=== INPUT DATA ===

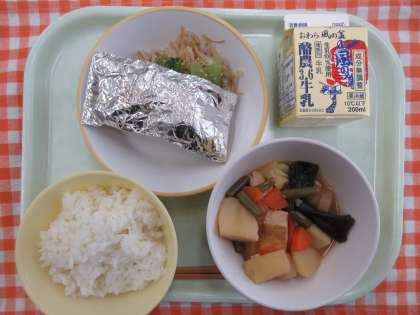今日の献立は、ごはん、サバの銀紙焼き、ごまびたし、関東だき、牛乳です。
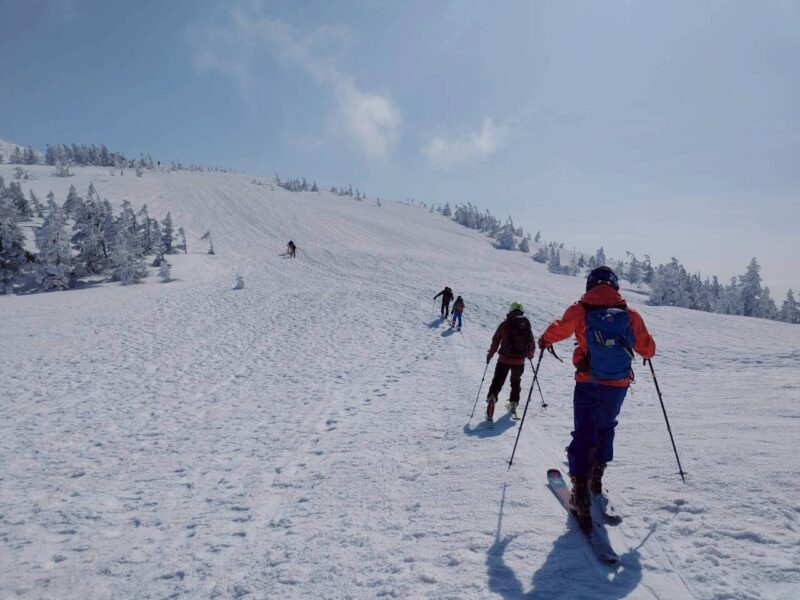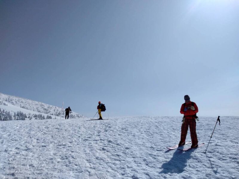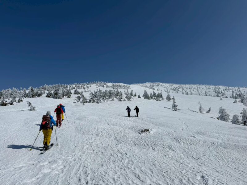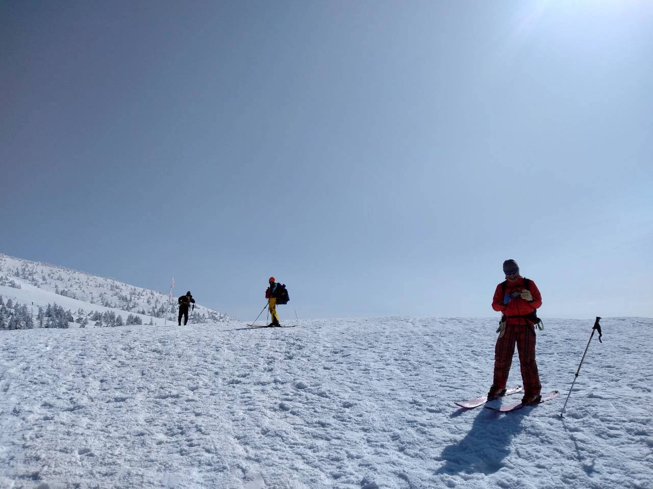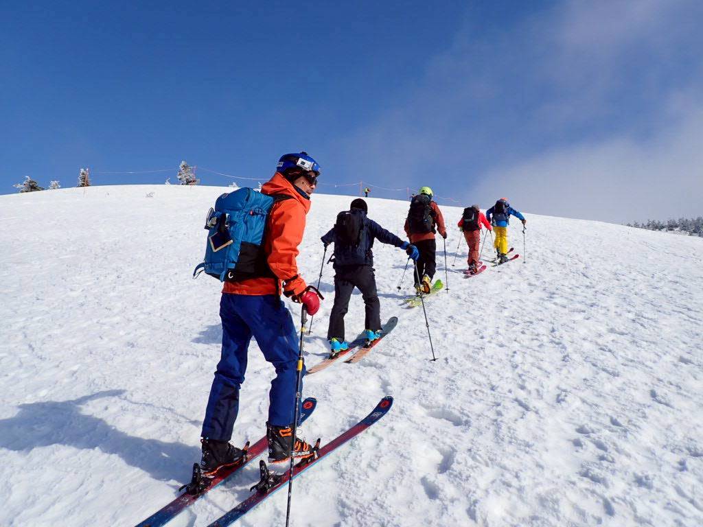 当日は天候に恵まれたため、まずは行けるところまで登り、状況を見ながら滑走ルートを判断する方針でスタート。
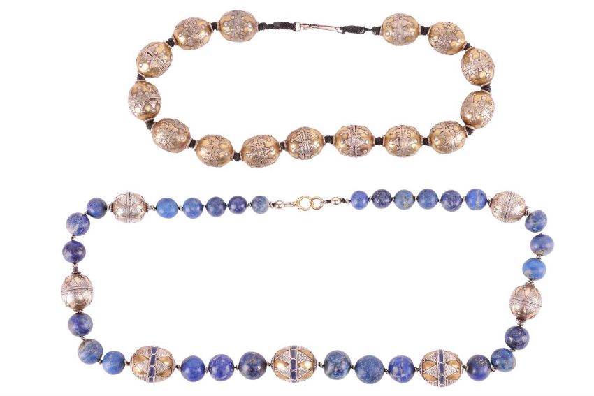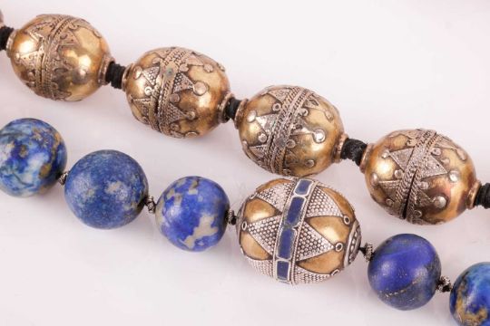 Two ethnic beaded necklaces; to include a single row of graduated round lapis lazuli beads, interspaced with Turkoman/Kazakh enamel beads, 72.5 cm; another similar with a row of Turkoman/Kazakh brass beads, S-hook clasp fastening, 51.0 cm long. (2)
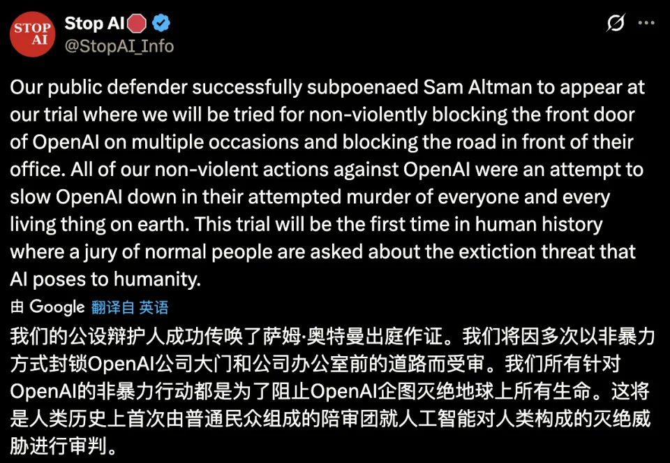 的Logo,现在成了大概招致杀身之祸的靶心。 这场危机并非毫无征兆。 已往两年里,Stop AI、No AGI、Pause AI这些构造像滚雪球一样壮大。 本年2月,就有抗议者由于用链条锁住OpenAI的大门而被捕; 就在本月初,Stop AI的公设辩护状师(Public Defender)跳上舞台,当众向正在接受采访的奥特曼递交传票。 他们原本只是在哲学层面争辩

===

TASK REQUIREMENTS » Return the listing above in full and exactly, omitting all pictures.

WRITTEN ANSWER »
今日の献立は、ごはん、サバの銀紙焼き、ごまびたし、関東だき、牛乳です。
 当日は天候に恵まれたため、まずは行けるところまで登り、状況を見ながら滑走ルートを判断する方針でスタート。
 Two ethnic beaded necklaces; to include a single row of graduated round lapis lazuli beads, interspaced with Turkoman/Kazakh enamel beads, 72.5 cm; another similar with a row of Turkoman/Kazakh brass beads, S-hook clasp fastening, 51.0 cm long. (2)
 的Logo,现在成了大概招致杀身之祸的靶心。 这场危机并非毫无征兆。 已往两年里,Stop AI、No AGI、Pause AI这些构造像滚雪球一样壮大。 本年2月,就有抗议者由于用链条锁住OpenAI的大门而被捕; 就在本月初,Stop AI的公设辩护状师(Public Defender)跳上舞台,当众向正在接受采访的奥特曼递交传票。 他们原本只是在哲学层面争辩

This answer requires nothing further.